(Extracted entries begins)

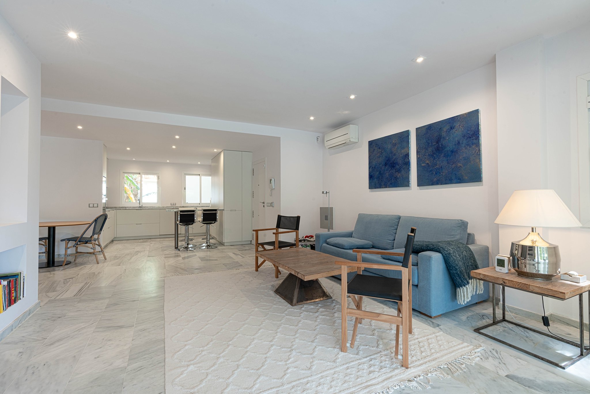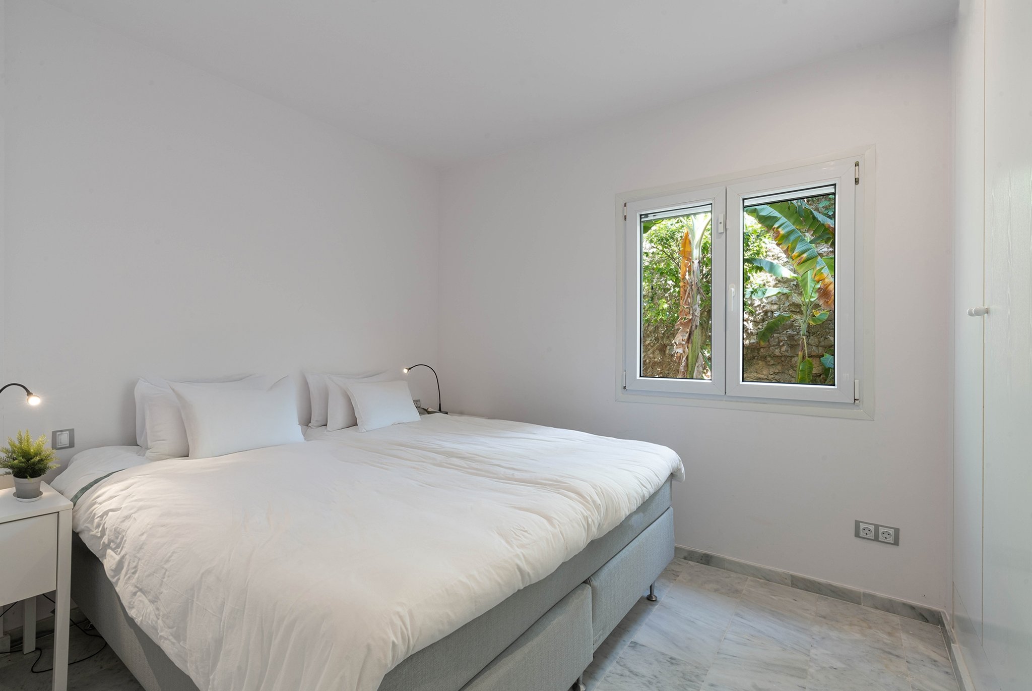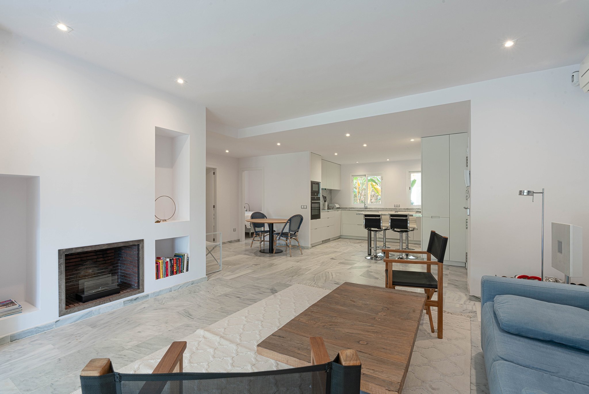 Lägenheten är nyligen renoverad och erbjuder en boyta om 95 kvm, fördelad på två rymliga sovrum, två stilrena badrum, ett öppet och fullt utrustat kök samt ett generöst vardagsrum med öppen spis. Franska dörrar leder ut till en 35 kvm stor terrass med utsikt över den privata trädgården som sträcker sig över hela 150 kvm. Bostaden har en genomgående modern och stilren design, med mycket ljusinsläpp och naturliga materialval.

(Extracted entries ends)
(Extracted entries begins)

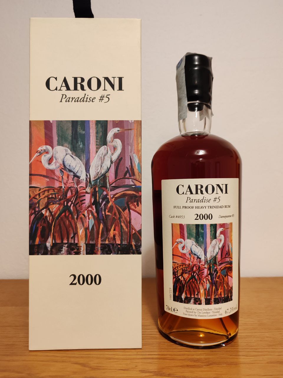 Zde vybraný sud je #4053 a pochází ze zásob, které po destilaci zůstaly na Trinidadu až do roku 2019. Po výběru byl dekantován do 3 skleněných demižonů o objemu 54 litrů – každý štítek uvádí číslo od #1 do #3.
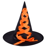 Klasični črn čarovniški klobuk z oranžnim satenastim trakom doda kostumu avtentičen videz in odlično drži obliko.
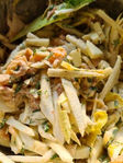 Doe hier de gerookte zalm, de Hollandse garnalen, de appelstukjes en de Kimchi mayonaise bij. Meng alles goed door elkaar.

(Extracted entries ends)

## About this task
Work from the entries above. Set down exactly and only the lines from the line with "Zde vybraný sud" to the line with "Doe hier de", both included, and leave the pictures out.

## Solution to this exercise
 Zde vybraný sud je #4053 a pochází ze zásob, které po destilaci zůstaly na Trinidadu až do roku 2019. Po výběru byl dekantován do 3 skleněných demižonů o objemu 54 litrů – každý štítek uvádí číslo od #1 do #3.
 Klasični črn čarovniški klobuk z oranžnim satenastim trakom doda kostumu avtentičen videz in odlično drži obliko.
 Doe hier de gerookte zalm, de Hollandse garnalen, de appelstukjes en de Kimchi mayonaise bij. Meng alles goed door elkaar.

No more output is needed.